• _WORK TASK_
Reproduce the material below only from the line with "证监会网站披露,北京北冶新材" to the line with "随后,2020级计算机科学与", both included, keeping each line exact and dropping the pictures.

• _MATERIAL PROVIDED_
---+---
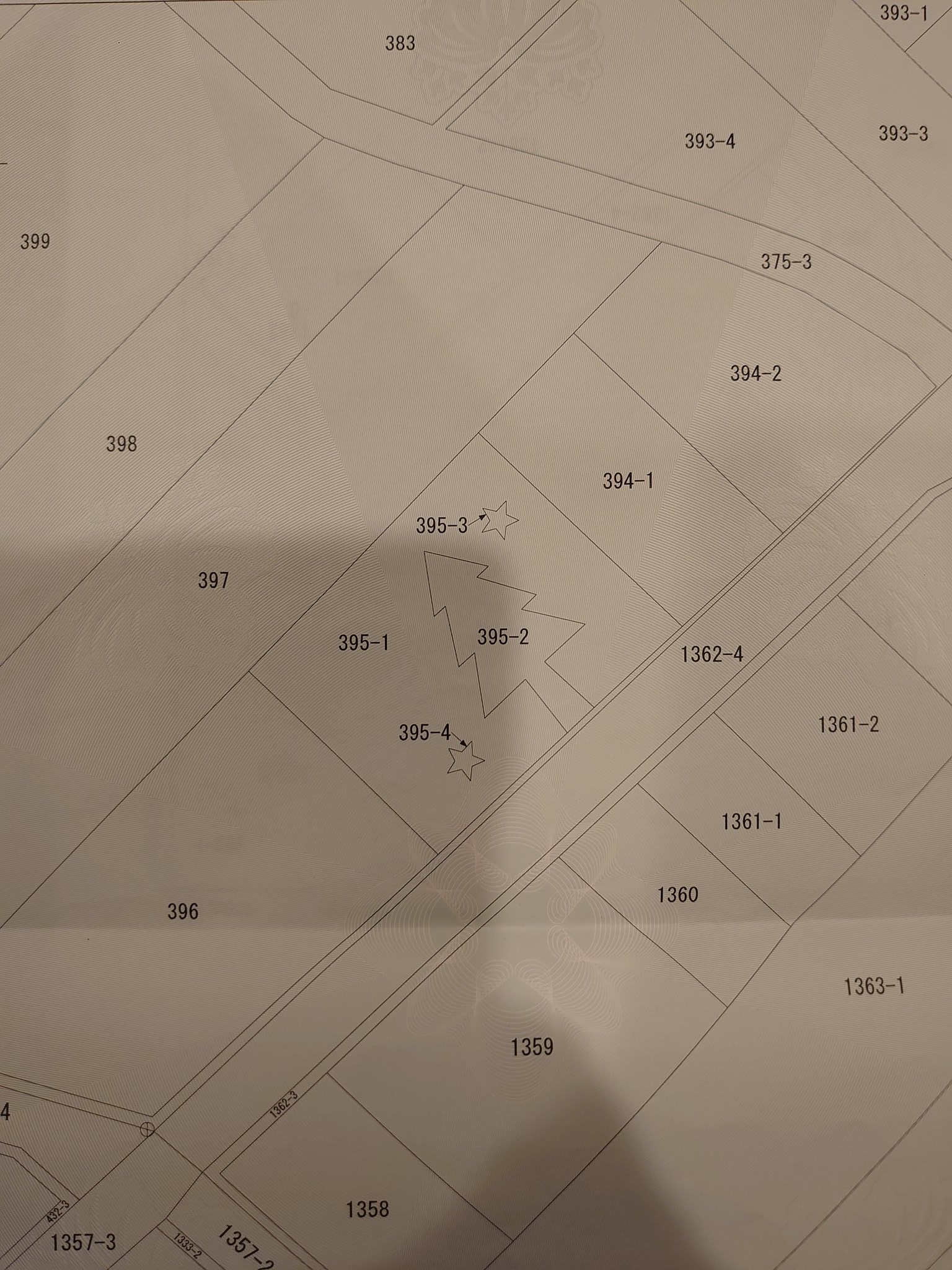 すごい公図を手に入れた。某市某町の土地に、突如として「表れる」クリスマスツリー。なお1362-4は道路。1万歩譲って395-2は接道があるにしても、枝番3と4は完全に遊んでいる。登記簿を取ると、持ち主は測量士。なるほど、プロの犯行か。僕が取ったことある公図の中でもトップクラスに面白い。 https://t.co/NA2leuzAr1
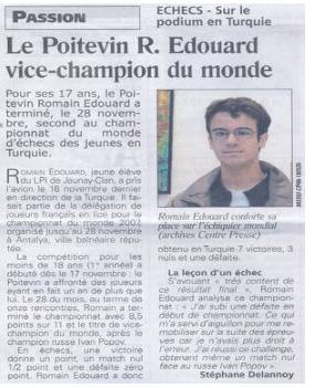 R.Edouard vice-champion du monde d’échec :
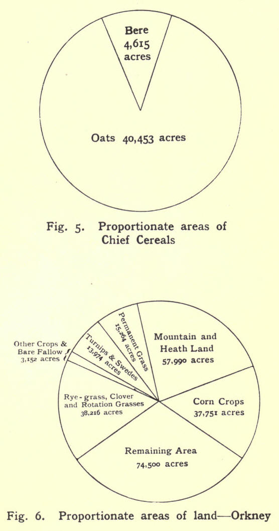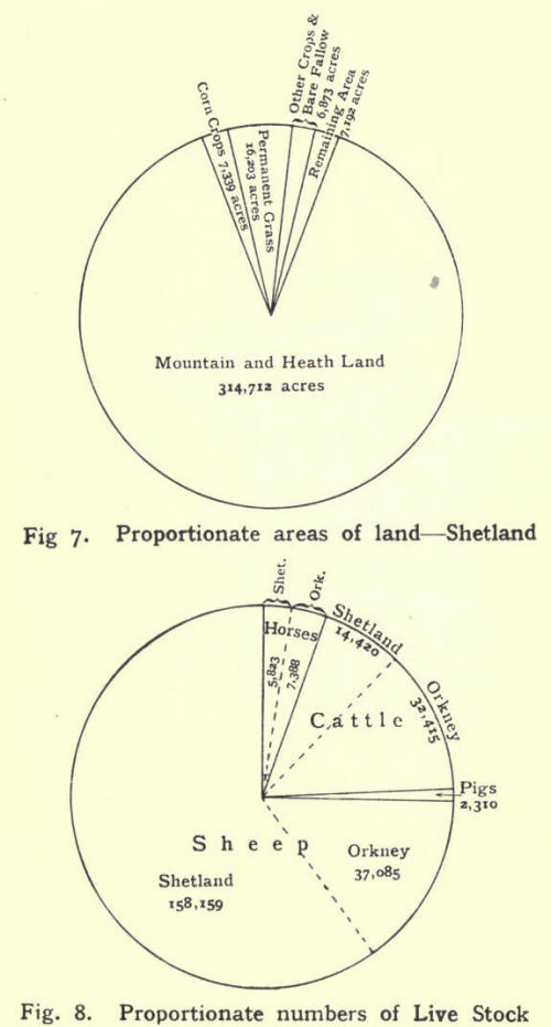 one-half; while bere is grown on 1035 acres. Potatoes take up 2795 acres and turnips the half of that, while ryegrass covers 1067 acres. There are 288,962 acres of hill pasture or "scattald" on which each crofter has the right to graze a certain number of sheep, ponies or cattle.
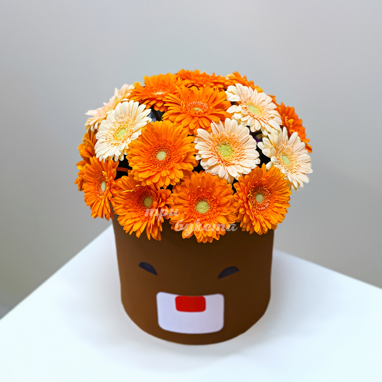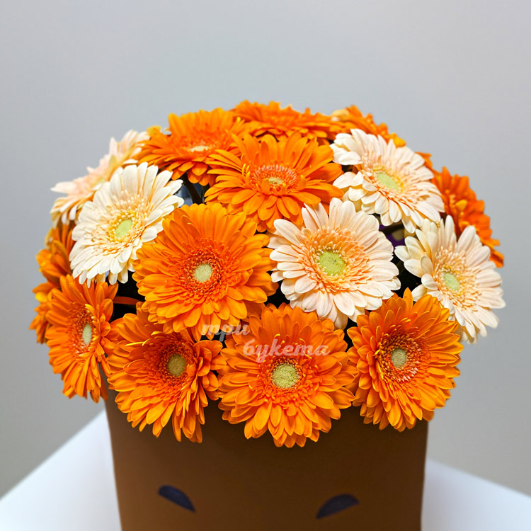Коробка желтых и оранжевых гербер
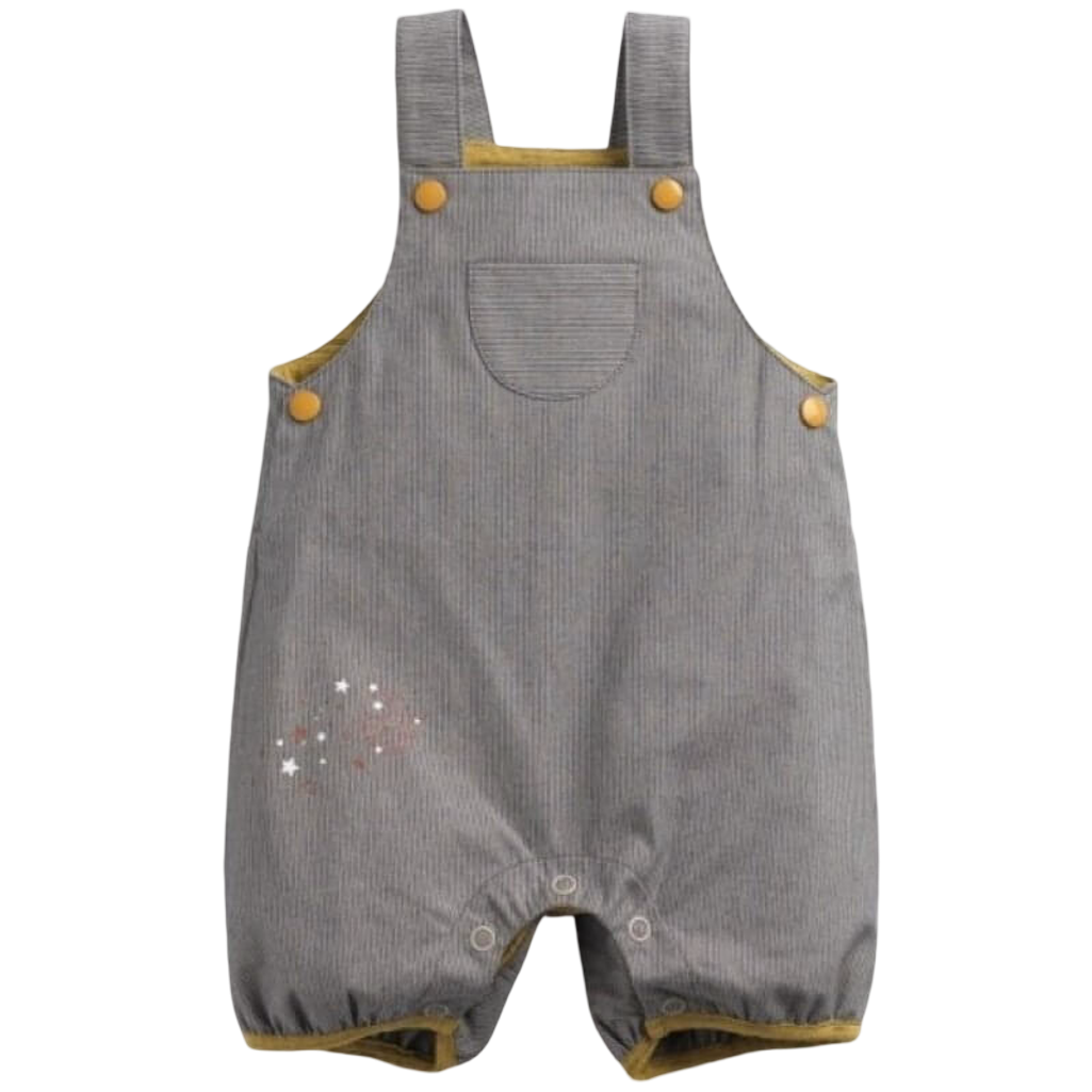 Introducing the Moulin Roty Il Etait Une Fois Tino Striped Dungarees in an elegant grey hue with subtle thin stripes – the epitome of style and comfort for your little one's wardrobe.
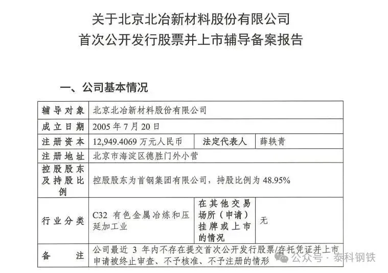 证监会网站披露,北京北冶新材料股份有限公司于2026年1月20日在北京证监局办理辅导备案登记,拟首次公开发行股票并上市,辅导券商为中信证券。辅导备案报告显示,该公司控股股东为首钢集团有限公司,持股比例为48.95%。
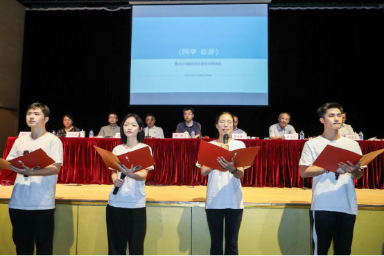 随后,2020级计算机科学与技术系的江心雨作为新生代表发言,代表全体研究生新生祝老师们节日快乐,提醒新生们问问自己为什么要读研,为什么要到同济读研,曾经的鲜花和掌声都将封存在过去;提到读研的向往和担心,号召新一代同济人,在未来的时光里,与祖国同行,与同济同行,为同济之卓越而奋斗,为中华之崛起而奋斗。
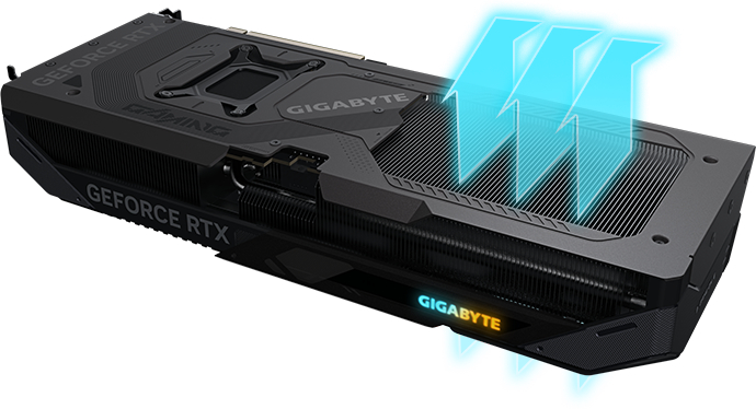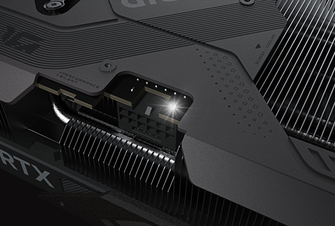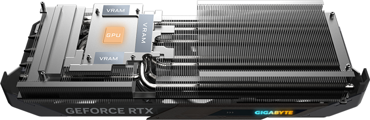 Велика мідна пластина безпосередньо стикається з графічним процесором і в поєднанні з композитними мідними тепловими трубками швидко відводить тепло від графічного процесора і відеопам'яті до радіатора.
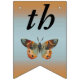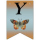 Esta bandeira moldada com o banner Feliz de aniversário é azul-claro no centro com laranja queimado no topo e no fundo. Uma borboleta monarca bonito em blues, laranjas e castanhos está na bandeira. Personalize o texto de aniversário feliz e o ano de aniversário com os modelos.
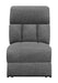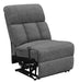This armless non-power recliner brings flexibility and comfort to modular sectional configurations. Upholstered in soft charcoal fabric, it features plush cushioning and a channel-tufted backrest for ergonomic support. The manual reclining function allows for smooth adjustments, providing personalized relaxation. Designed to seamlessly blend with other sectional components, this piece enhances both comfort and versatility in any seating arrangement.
---+---
• _RESPONSE_
 证监会网站披露,北京北冶新材料股份有限公司于2026年1月20日在北京证监局办理辅导备案登记,拟首次公开发行股票并上市,辅导券商为中信证券。辅导备案报告显示,该公司控股股东为首钢集团有限公司,持股比例为48.95%。
 随后,2020级计算机科学与技术系的江心雨作为新生代表发言,代表全体研究生新生祝老师们节日快乐,提醒新生们问问自己为什么要读研,为什么要到同济读研,曾经的鲜花和掌声都将封存在过去;提到读研的向往和担心,号召新一代同济人,在未来的时光里,与祖国同行,与同济同行,为同济之卓越而奋斗,为中华之崛起而奋斗。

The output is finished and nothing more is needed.